*REQUIREMENT*
Your task is to transcribe the data exactly while omitting each picture.
§
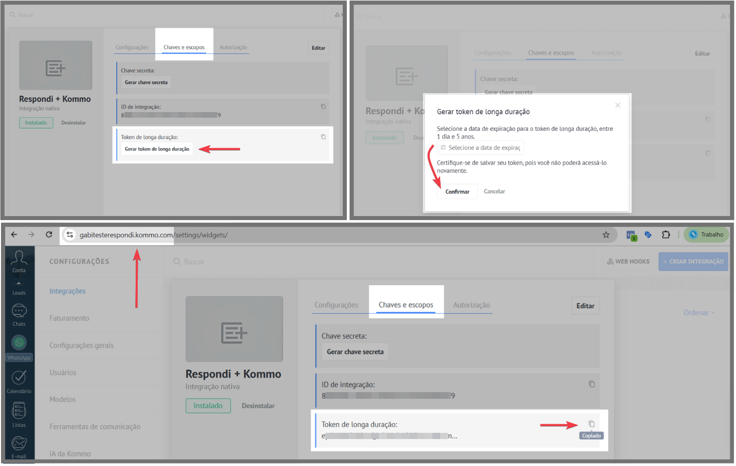 Antes de conectar a integração no Respondi, é necessário gerar os dados de acesso (token e URL da conta) dentro da Kommo:
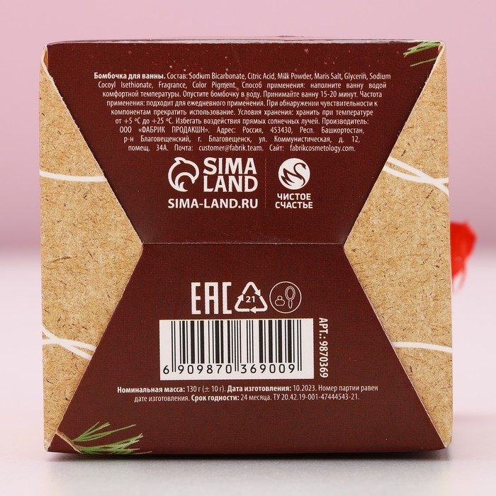 Бомбочка для ванны «Тепла», 130 г, аромат апельсина и сливок, Новый Год
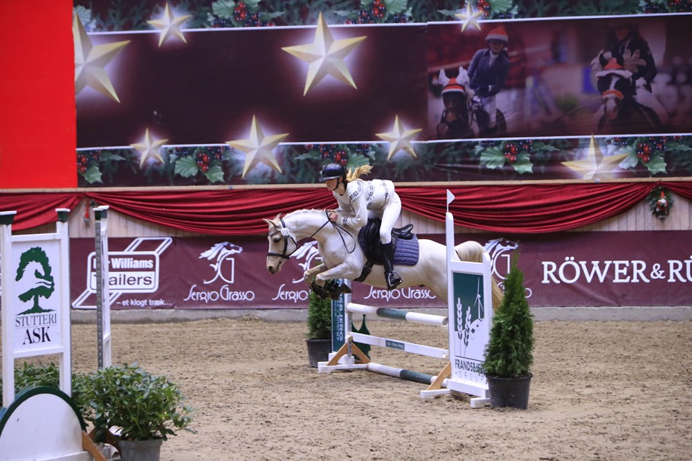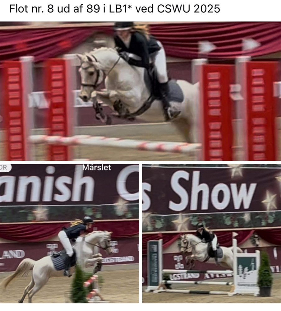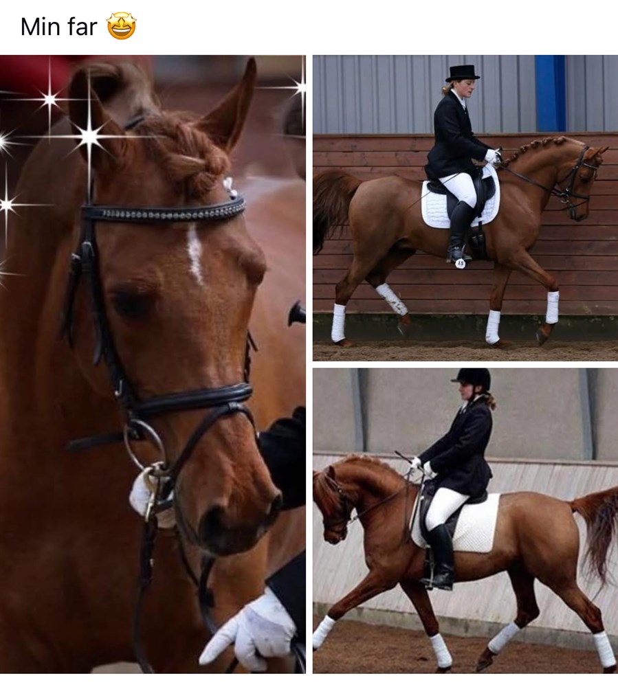 Vi har store forventninger til ham. Vi har dog prioriteret at starte stille ud for at få gode oplevelser og rutine. Han springer snildt og stabilt baner på 90 cm med den store rytter (startet t.o.m. LB2* og den lille, knap så rutinerede rytter har redet 75 cm baner på ham - ligeledes helt uproblematisk. Potentialet er der også i dressur og der er heller ikke noget “men….” Han er startklar i LA + kan også gå galop-skridt-overgange.
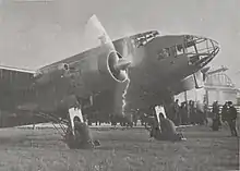 On 21 October 1938, it was specified that all production LeO 45 aircraft were to be equipped with Gnome-Rhône engines in place of the originally envisioned Hispano-Suiza powerplants.[11] However, as a result of this demand, there was considerable delays in the delivery of the first production aircraft. During late November 1938, the first LeO 45 was on static display at the Paris Air Show; it performed its maiden flight on 24 March 1939.[11] On 28 April 1939, the second production aircraft conducted its first flight.[11] Further production issues were encountered as a result of supply issues with Gnome-Rhone engines and associated propellers; as a result, it was decided to fit the type with Ratier-built propellers instead, which reduced the maximum speed from 500 km/h to 470 km/h.[11]
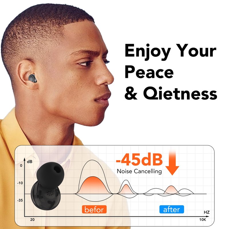 - 45dB Deep Noise Cancellation: The ear plugs for sleep feature the third-generation acoustic filter and high-density sound-absorbing materials, processing noise 58,961 times per second. They can achieve a noise cancellation depth of up to 45dB and eliminate 95% of low-frequency noise. In laboratory tests, 90% of users who wore them continuously for 14 days reported significantly faster sleep onset and improved concentration.
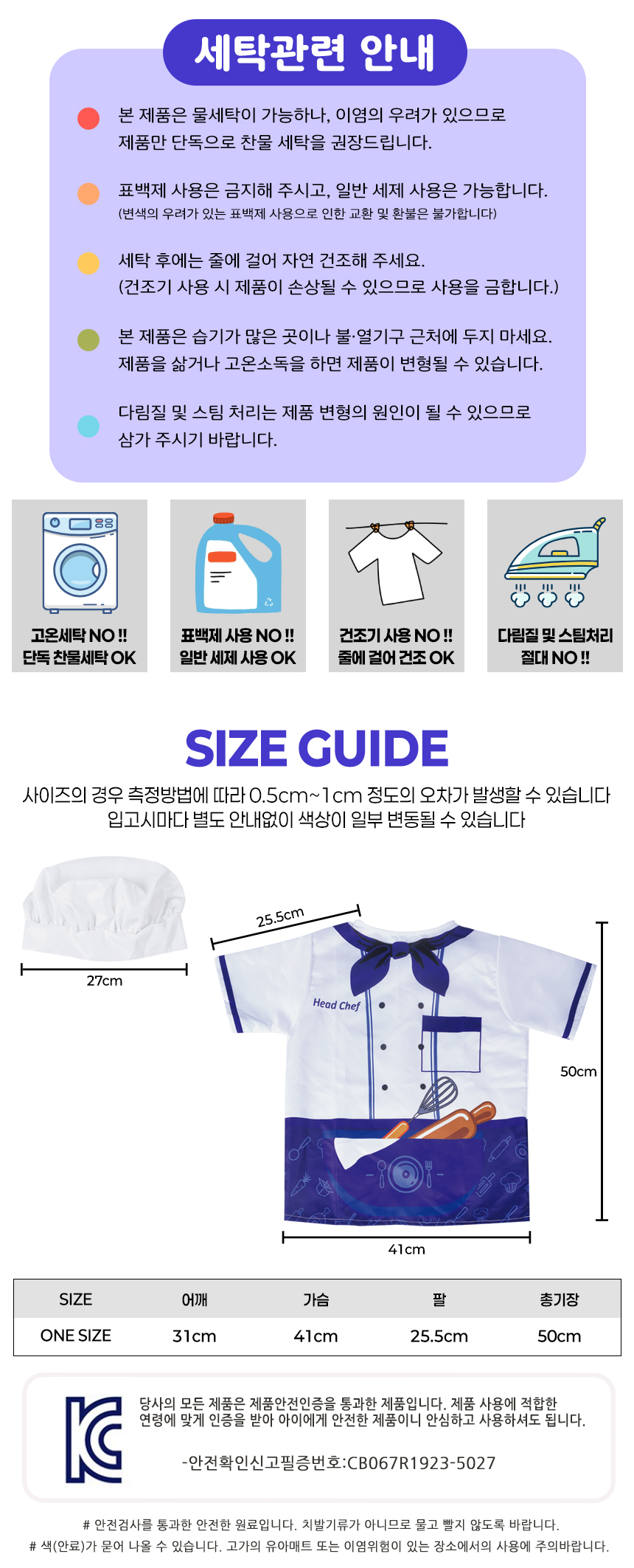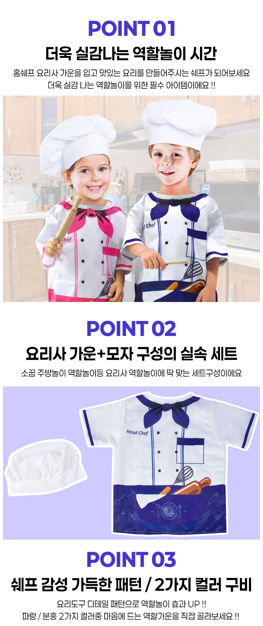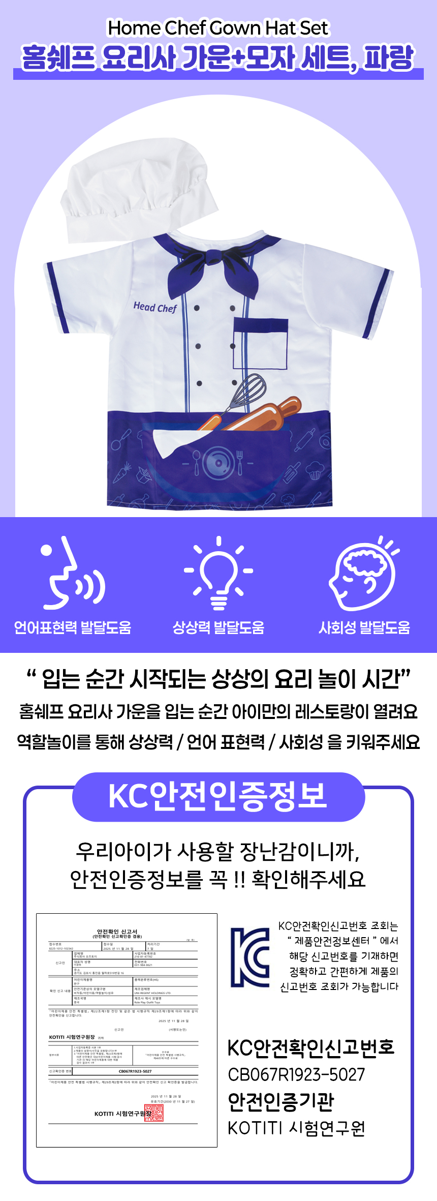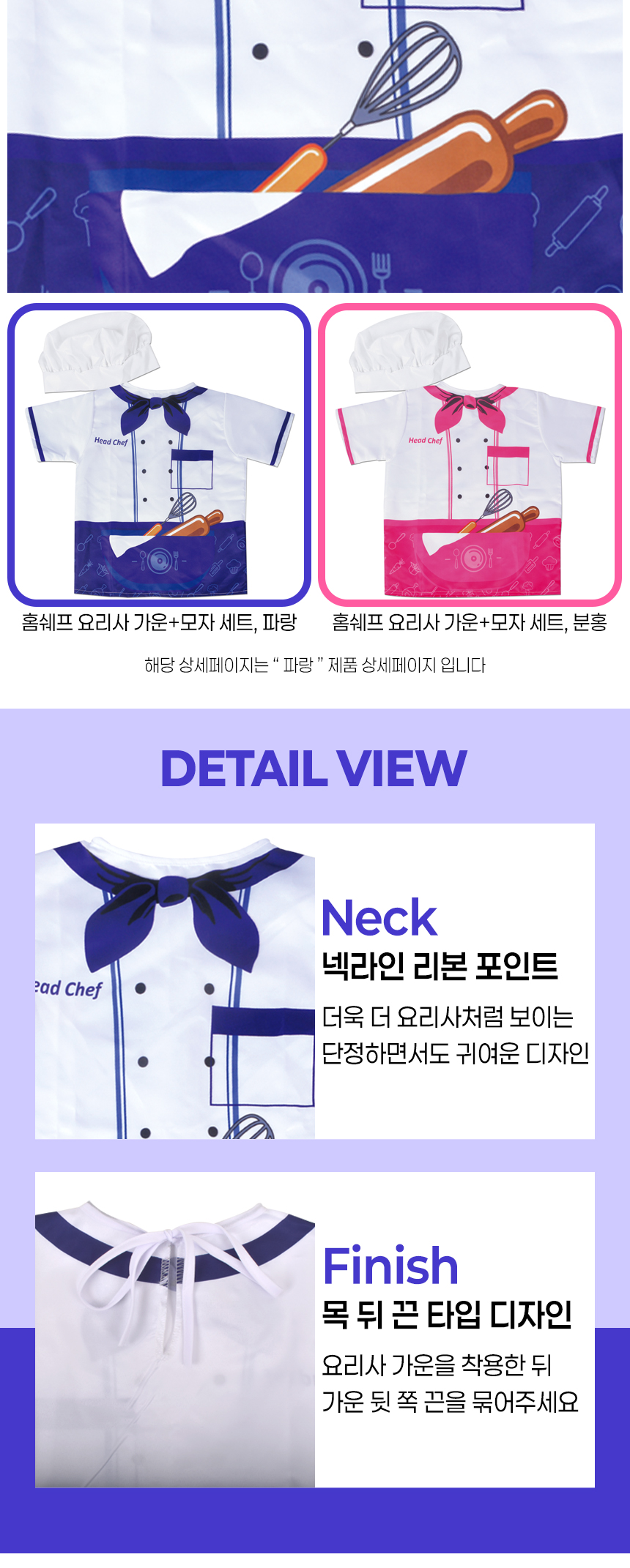 T 홈쉐프 요리사 가운+모자 세트 파랑 158-1 blue 직업 주방 소꿉 놀이 체험 의상 조끼 교구
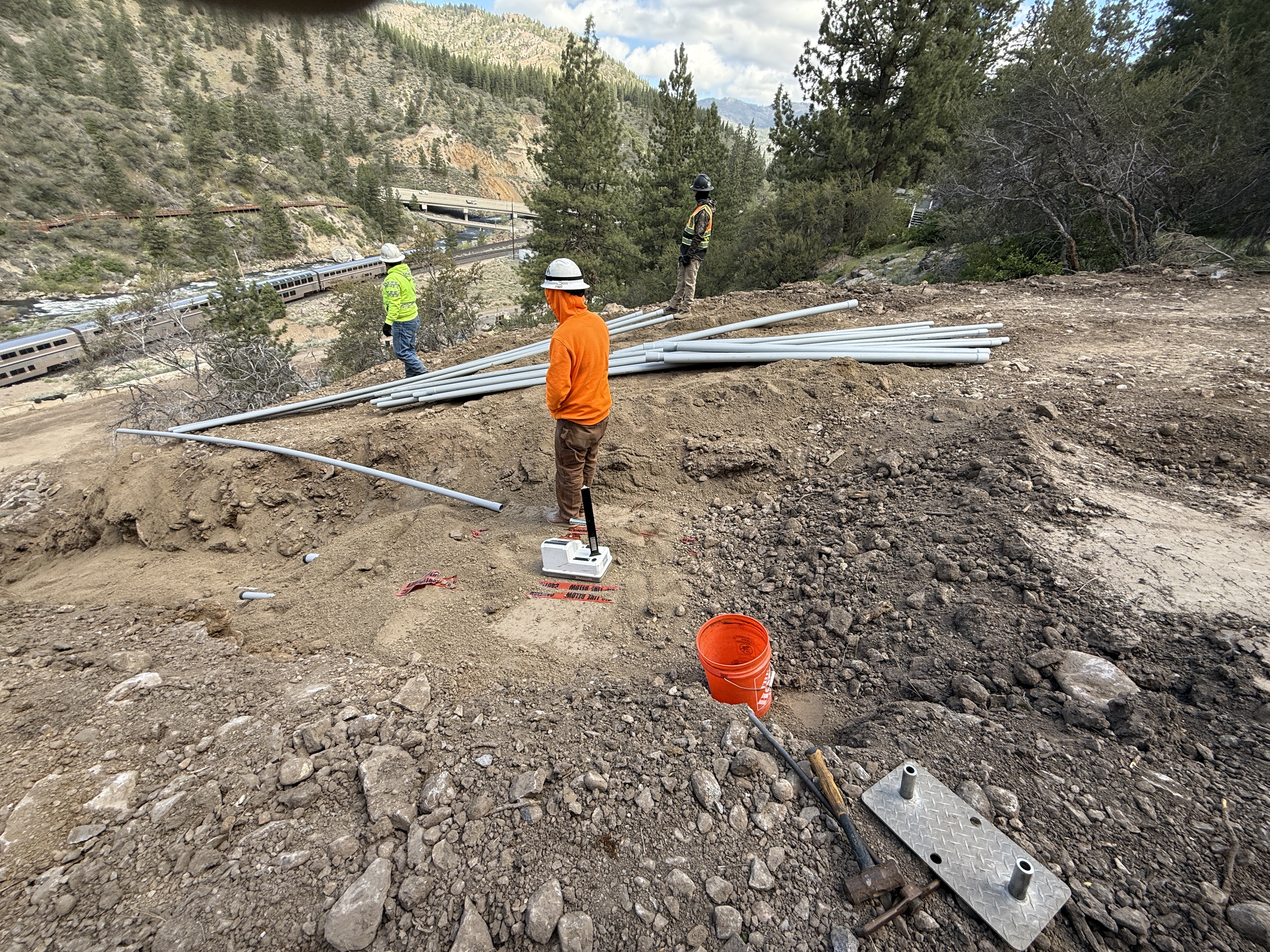 The image shows three workers in PPE on a hillside area. They are near a bundle of metal conduit pipes laid on the ground with some scattered around. A rectangular trench or excavation area is visible, indicating ongoing preparatory work for conduit installation. Basic tools and a bucket are also visible, suggesting manual installation efforts.
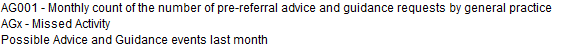 Unlike other CQRS claim indicators, we strongly recommend using a breakdown on the AG001 report rather than picking up the number of patients. The report will show every Choose and book advice and guidance request code from the previous month which may reveal more than 1 unique A&G request. Remember that duplicate coding of the same request should be disregarded.
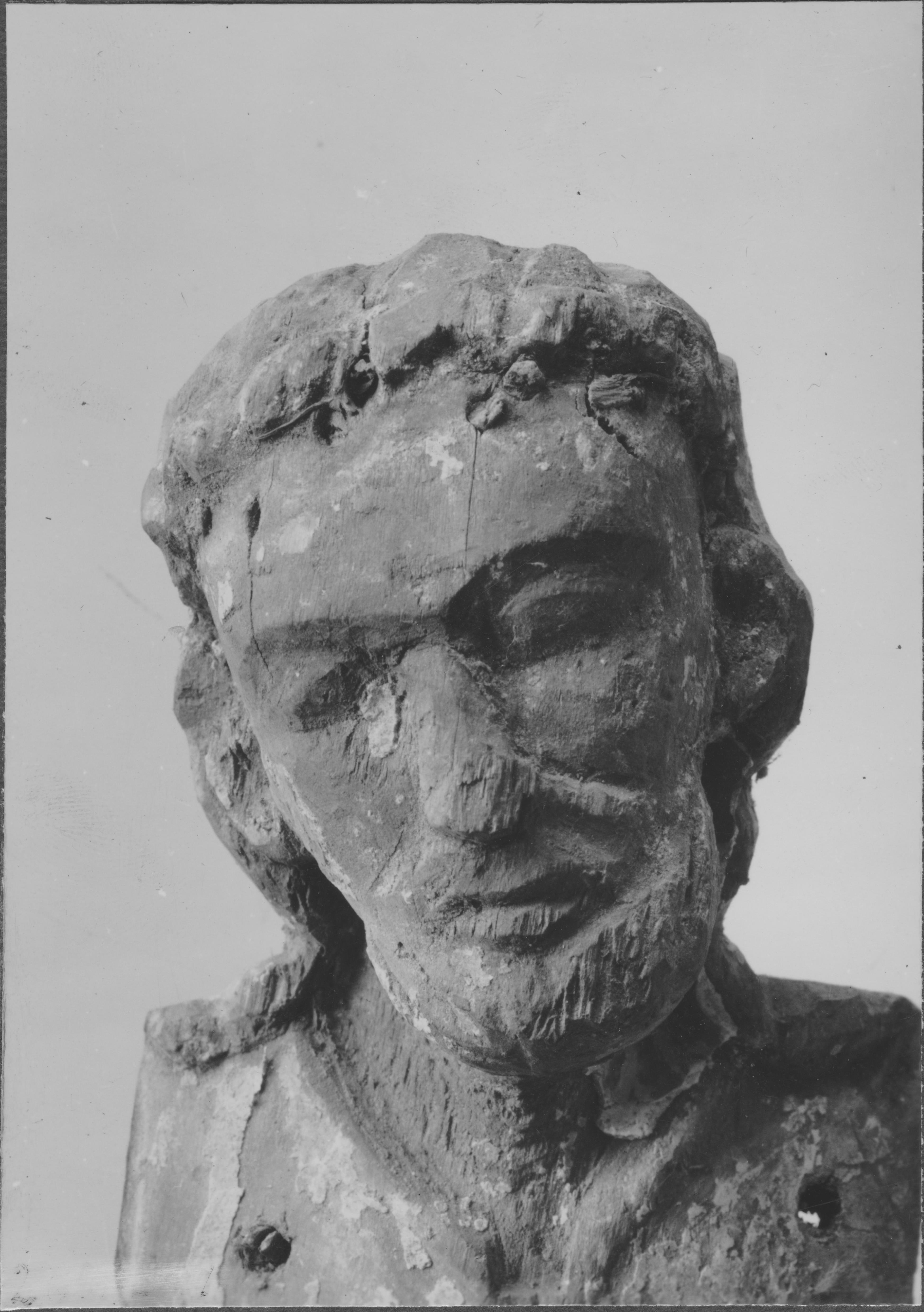 Beskrivning: Del av krucifix av trä.1600-talet. Efter restaureringen 1956.
§
*THE COMPLETED TASK*
 Antes de conectar a integração no Respondi, é necessário gerar os dados de acesso (token e URL da conta) dentro da Kommo:
 Бомбочка для ванны «Тепла», 130 г, аромат апельсина и сливок, Новый Год
 Vi har store forventninger til ham. Vi har dog prioriteret at starte stille ud for at få gode oplevelser og rutine. Han springer snildt og stabilt baner på 90 cm med den store rytter (startet t.o.m. LB2* og den lille, knap så rutinerede rytter har redet 75 cm baner på ham - ligeledes helt uproblematisk. Potentialet er der også i dressur og der er heller ikke noget “men….” Han er startklar i LA + kan også gå galop-skridt-overgange.
 On 21 October 1938, it was specified that all production LeO 45 aircraft were to be equipped with Gnome-Rhône engines in place of the originally envisioned Hispano-Suiza powerplants.[11] However, as a result of this demand, there was considerable delays in the delivery of the first production aircraft. During late November 1938, the first LeO 45 was on static display at the Paris Air Show; it performed its maiden flight on 24 March 1939.[11] On 28 April 1939, the second production aircraft conducted its first flight.[11] Further production issues were encountered as a result of supply issues with Gnome-Rhone engines and associated propellers; as a result, it was decided to fit the type with Ratier-built propellers instead, which reduced the maximum speed from 500 km/h to 470 km/h.[11]
 - 45dB Deep Noise Cancellation: The ear plugs for sleep feature the third-generation acoustic filter and high-density sound-absorbing materials, processing noise 58,961 times per second. They can achieve a noise cancellation depth of up to 45dB and eliminate 95% of low-frequency noise. In laboratory tests, 90% of users who wore them continuously for 14 days reported significantly faster sleep onset and improved concentration.
 T 홈쉐프 요리사 가운+모자 세트 파랑 158-1 blue 직업 주방 소꿉 놀이 체험 의상 조끼 교구
 The image shows three workers in PPE on a hillside area. They are near a bundle of metal conduit pipes laid on the ground with some scattered around. A rectangular trench or excavation area is visible, indicating ongoing preparatory work for conduit installation. Basic tools and a bucket are also visible, suggesting manual installation efforts.
 Unlike other CQRS claim indicators, we strongly recommend using a breakdown on the AG001 report rather than picking up the number of patients. The report will show every Choose and book advice and guidance request code from the previous month which may reveal more than 1 unique A&G request. Remember that duplicate coding of the same request should be disregarded.
 Beskrivning: Del av krucifix av trä.1600-talet. Efter restaureringen 1956.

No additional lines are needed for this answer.